The exercise says that we should only output the two other formats. As far as I'm aware, it's not possible for a Python script to distinguish between integer literals (without hacking the Python parser), so we'll use a string as the input instead:


In [2]:
def convert2(string_number):
    if string_number[1] == "x":
        num = int(string_number, 16)
        return str(num), bin(num)
    elif string_number[1] == "b":
        num = int(string_number, 2)
        return str(num), hex(num)
    else:
        num = int(string_number)
        return bin(num), hex(num)
    
convert2("0b1001")


Out[2]:
('9', '0x9')

5.

There are several ways of doing this, but the fastest way I've found so far (that doesn't involve writing C code or anything crazy) uses bitwise operations. This encoder is based on code for a base32 encoder taken from the base64 module.

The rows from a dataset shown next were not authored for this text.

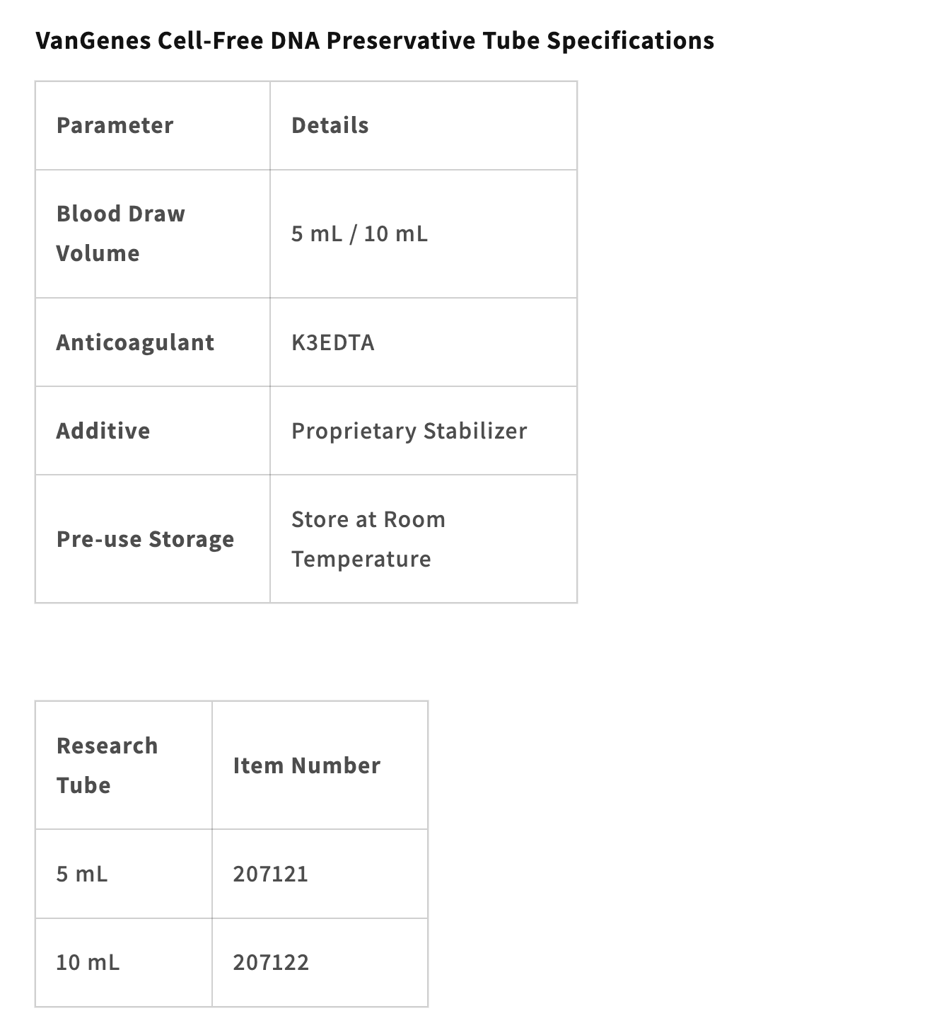 VanGenes Cell-Free DNA Preservative Tube (RUO)
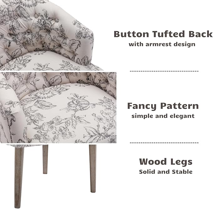 - [Barrel Backrest] The barrel style of the button tufted backrest adds a sense of vintage for the dining room chair. The armrest design offers you a more comfortable dining environment
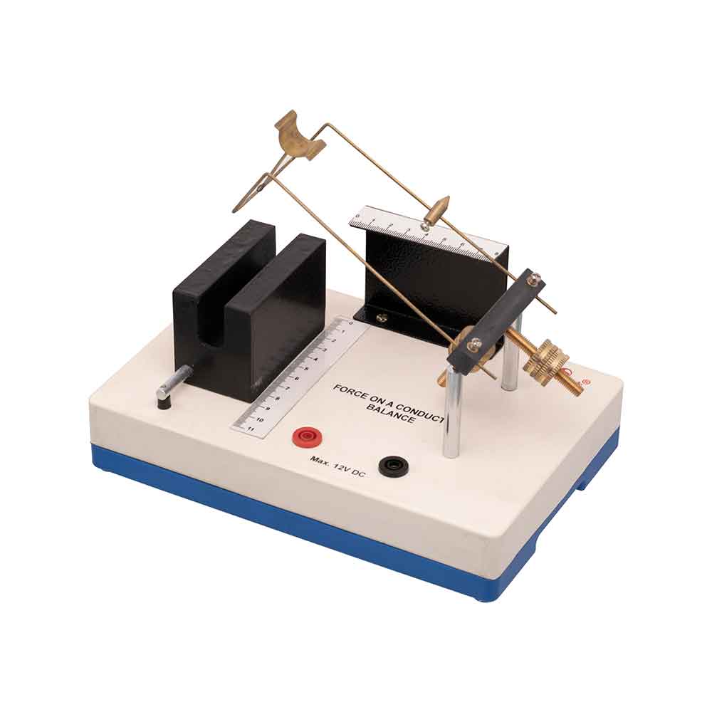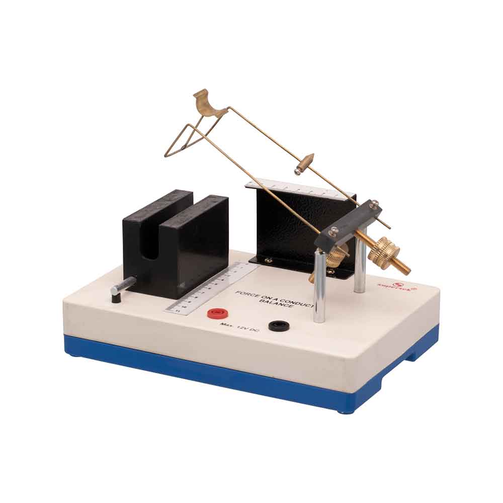 To demonstrate that when a current is passed through a conductor in a magnetic field, it is subjected to attraction or repulsion depending upon the direction of current in it. The apparatus consists of a plastic base 9″ x 6″ x 1″ on which two contact pillars are mounted. Each pillar is provided with an external circuit. A balanced beam is supported by the pillars on two bearings which form the fulcrum. Two screwed masses are provided in the beam system, one moving vertically for the adjustment of sensitivity and the other moving horizontally for the adjustment of the equilibrium position, when no current is flowing. Scale is marked 0-80 x 1 mm and rider is of 1 gm. Includes instruction manual.
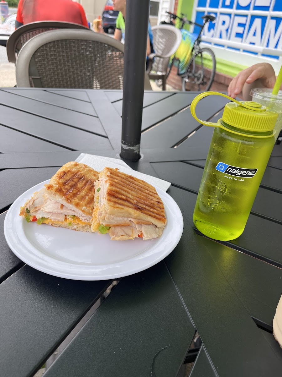 Great stop for cyclists and anyone else on the bike trail. So convenient and great smoothies for cooling down and energy boosts, as well as paninis and bowls. Indoor and limited outside seating, with a bike rack.
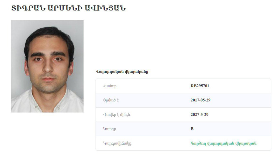 Սիվիլնեթը ոստիկանության համապատասխան բազայից ձեռք է բերել Տիգրան Ավինյանի կողմից տրանսպորտային միջոցներ վարելու իրավունքների մասին տեղեկություններ։ Այդ տվյալների համաձայն՝ նա ունի B կարգի վարորդական վկայական, որը ստացել է 2017-ին։
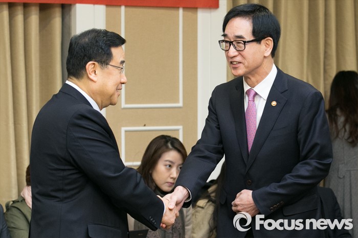 (서울=포커스뉴스) 김정훈(왼쪽) 새누리당 정책위의장과 이준식 사회부총리 겸 교육부 장관이 28일 오전 서울 여의도 국회에서 열린 누리과정 등 교육현안 관련 당정협의에 참석해 악수하고 있다.
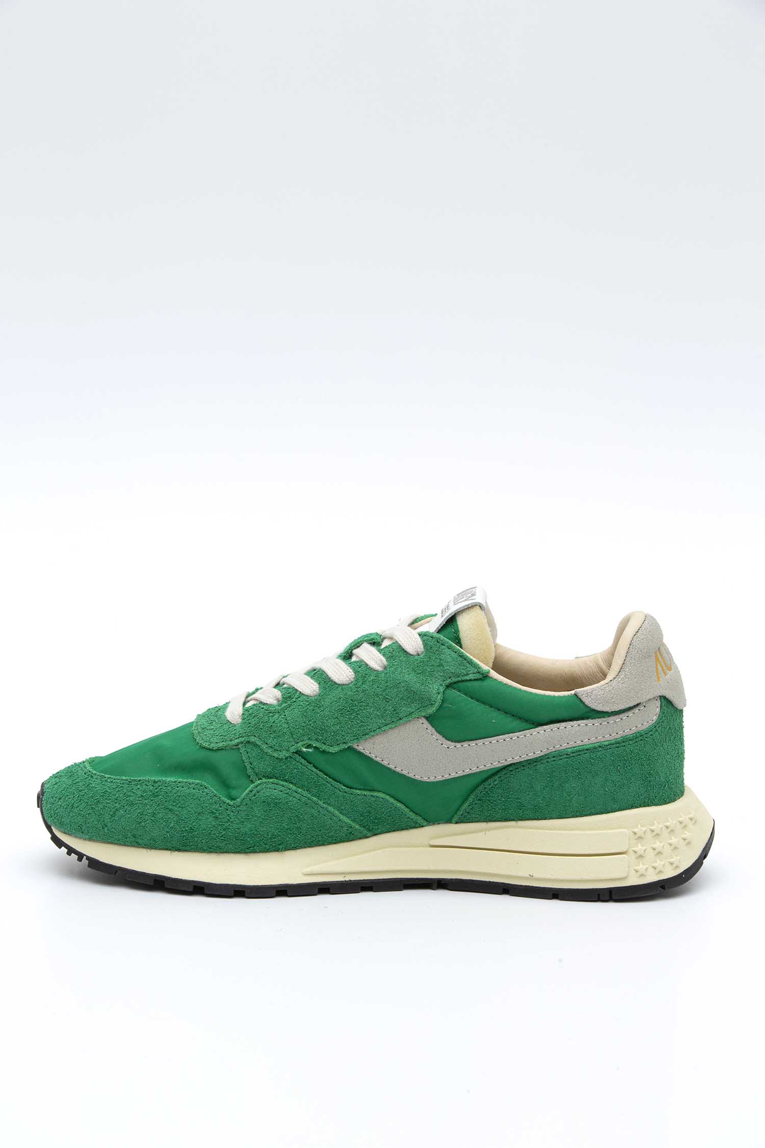Questa scarpa da ginnastica da uomo è realizzata in una speciale combinazione di pelle e nylon ed è rifinita con inserti in suede dall’aspetto vissuto nei toni del verde cipresso. Il pannello laterale dalla forma dinamica aggiunge un tocco di bianco. La speciale suola running in gomma e Phylon aderisce perfettamente al terreno ed è personalizzata con il logo Aarrow in 3D.
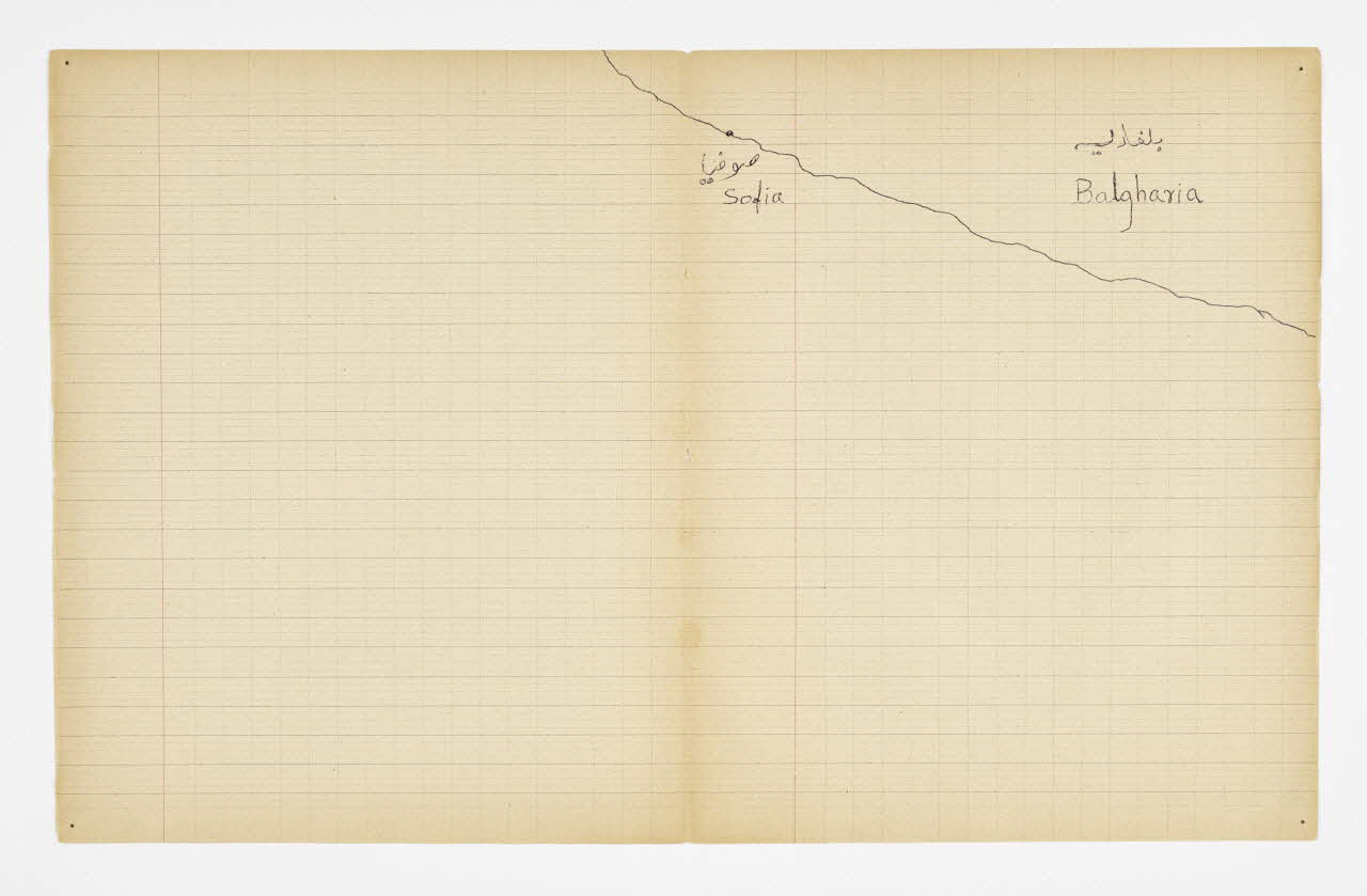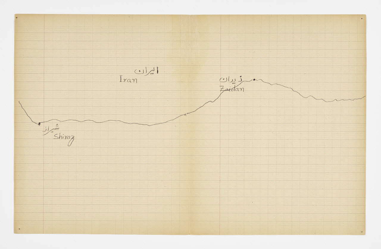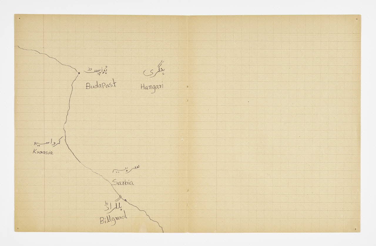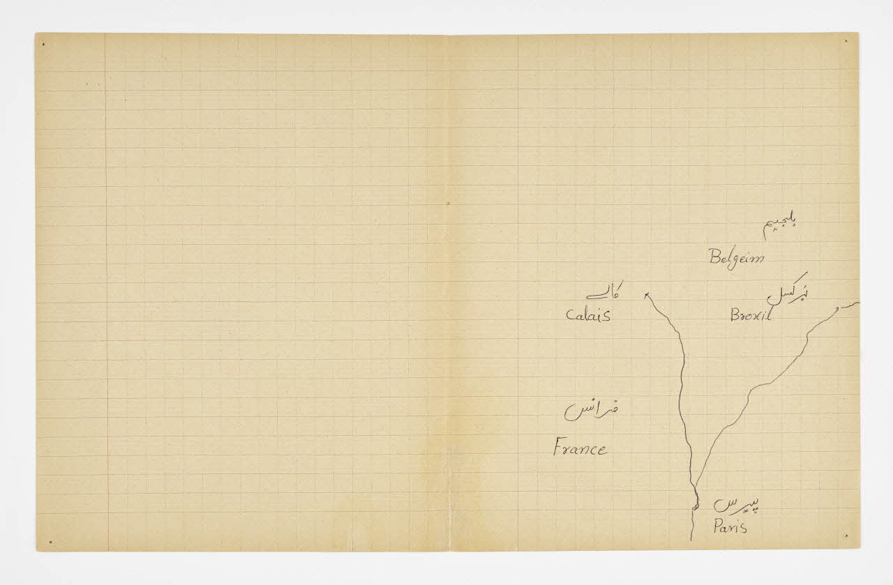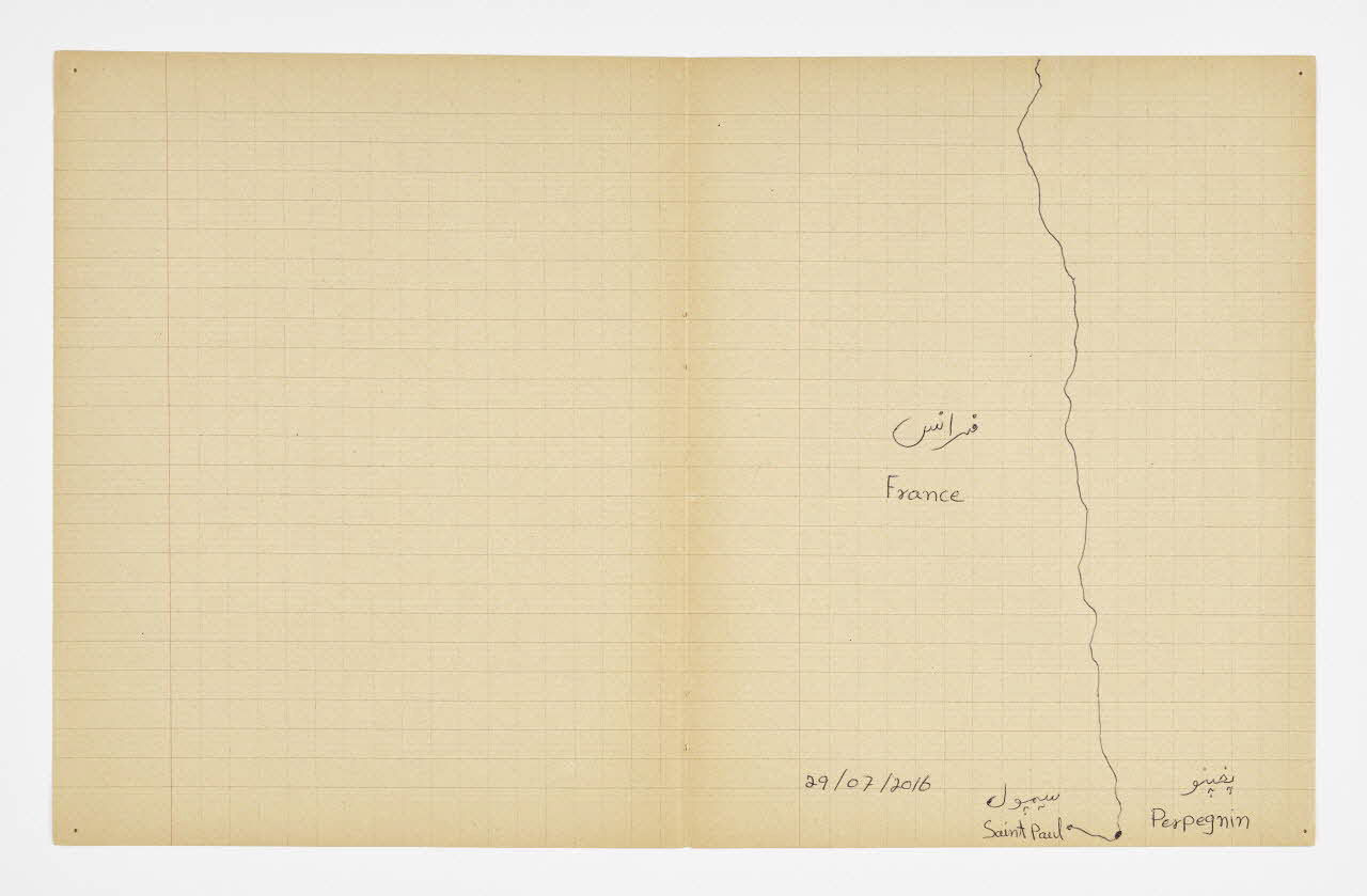 Lieu : Saint-Paul-de-Fenouillet, Pyrénées-Orientales, Occitanie, FranceDate : 2016Mathieu Pernot a acheté sur un marché aux puces un vieux cahier d'écolier lui rappelant son enfance, sur lequel il a invité Imdad Hussain à retracer l'itinéraire de sa migration depuis Khyber (Pakistan) jusqu'à son arrivée en France. Pour ce faire, il a tracé son itinéraire sur les feuilles de cahier d'après la carte du monde qui était projetée dessus. Réalisé à Saint-Paul-de-Fenouillet dans une structure d'hébergement pour migrants. Ce projet de co-création a été mené lors de la résidence de l'artiste au mémorial du camp de Rivesaltes (Pyrénées-Orientales) en 2016.
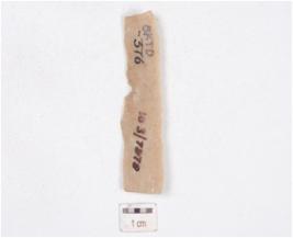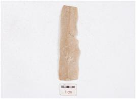 | Description / विवरण | A blade made on chert, mid ridge on dorsal side, diffused bulb on ventral side and irregular retouch marks on edges. |
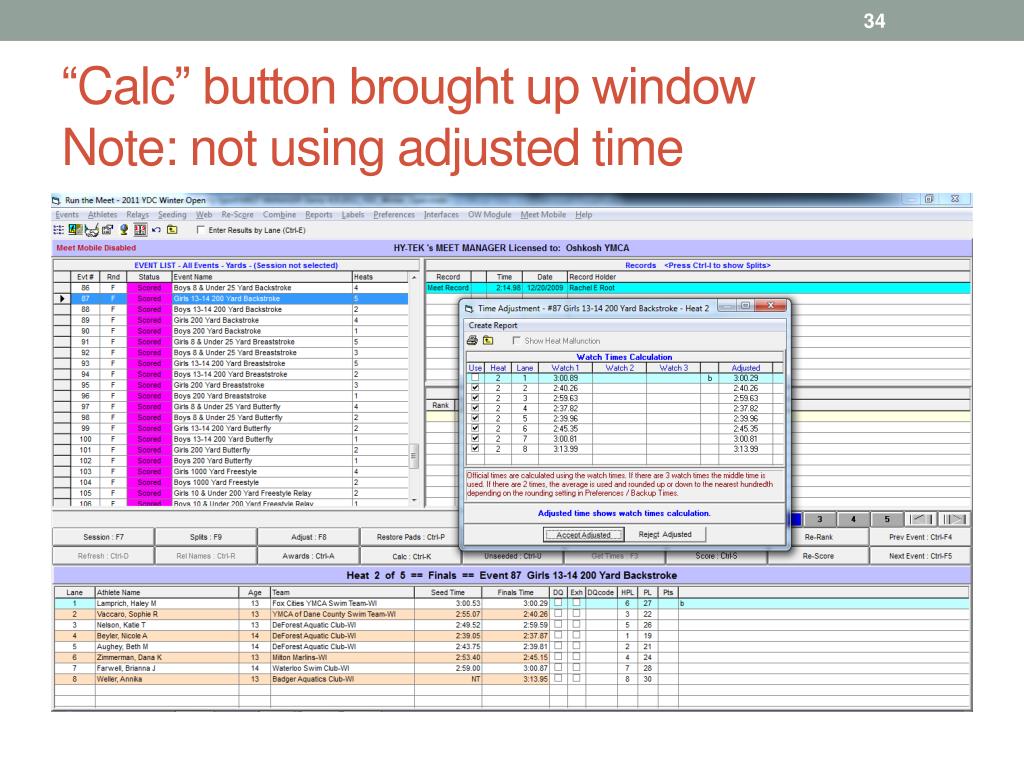 Meet Manager – Heat Malfunction • “Get Times” • “Calc” • Click “Show heat adjustment” box • Enter calculated adjusted times (done by hand) • Verify “adjusted” column is giving answer you want • Use them directly by pushing “accept adjust” button
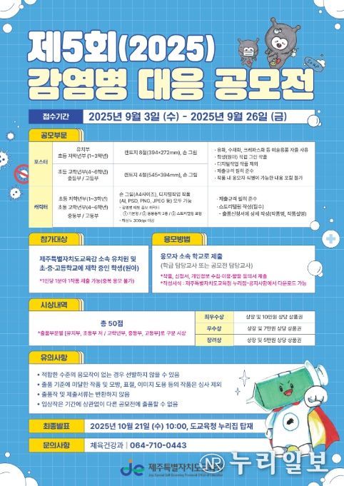 (누리일보) 제주특별자치도교육청은 오는 26일까지 학생들이 안전하고 건강한 학교와 사회를 만들 방법을 스스로 생각하고 실천할 수 있는 기회를 제공하기 위해 ‘제5회 감염병 대응 공모전’을 개최한다.

We first need to generate a base64 dictionary. To avoid mistakes, I've copied out the standard base64 dictionary, but you could generate this programmatically:


In [3]:
b64 = {0:"A", 1:"B", 2:"C", 3:"D", 4:"E", 5:"F", 6:"G", 7:"H", 8:"I", 9:"J", 10:"K", 11:"L", 12:"M", 13:"N", 14:"O", 15:"P", 16:"Q", 17:"R", 18:"S", 19:"T", 20:"U", 21:"V", 22:"W", 23:"X", 24:"Y", 25:"Z", 26:"a", 27:"b", 28:"c", 29:"d", 30:"e", 31:"f", 32:"g", 33:"h", 34:"i", 35:"j", 36:"k", 37:"l", 38:"m", 39:"n", 40:"o", 41:"p", 42:"q", 43:"r", 44:"s", 45:"t", 46:"u", 47:"v", 48:"w", 49:"x", 50:"y", 51:"z", 52:"0", 53:"1", 54:"2", 55:"3", 56:"4", 57:"5", 58:"6", 59:"7", 60:"8", 61:"9", 62:"+", 63:"/"}

We also need the struct module:


In [4]:
import struct

Remember that if the string's character length isn't a multiple of three, we'll have to pad the encoded string with =. Notice how we build the encoded string by analyzing it in chunks of three bytes (24 bits) at a time. The struct.unpack(3B, string) function is the same as calling ord on all three characters in string (but faster). The bitwise operations simply shift and concatenate each set of 24 bits to convert them from three sets of 8 bits to four sets of 6 bits.


In [5]:
def slow_b64encode(string):
    
    encode = []
    quanta, leftover = divmod(len(string), 3)

    if leftover:
        string += '\0' * (3 - leftover)
        quanta += 1
    
    for i in xrange(quanta):
        b0, b1, b2 = struct.unpack('3B', string[i*3:(i+1)*3])
        encode.extend([b64[b0 >> 2], 
                       b64[(b0 & 0b11) << 4 | b1 >> 4], 
                       b64[(b1 & 0b1111) << 2 | b2 >> 6], 
                       b64[(b2 &  0b111111)]])
    
    encoded = ''.join(encode)
    
    if leftover == 1:
        return encoded[:-2] + "=="
    elif leftover == 2:
        return encoded[:-1] + "="
    return encoded

Testing:


In [6]:
from base64 import b64encode

string = "Please encode me"
slow_b64encode(string) == b64encode(string)


Out[6]:
True

The decoder is left for you to try on your own!

7.


In [7]:
def ROR(num, size=None):

    if size is None:
        size = num.bit_length()
    else:
        size = max(size, num.bit_length())
    
    return bin((num >> 1) | (num & 1) << (size - 1))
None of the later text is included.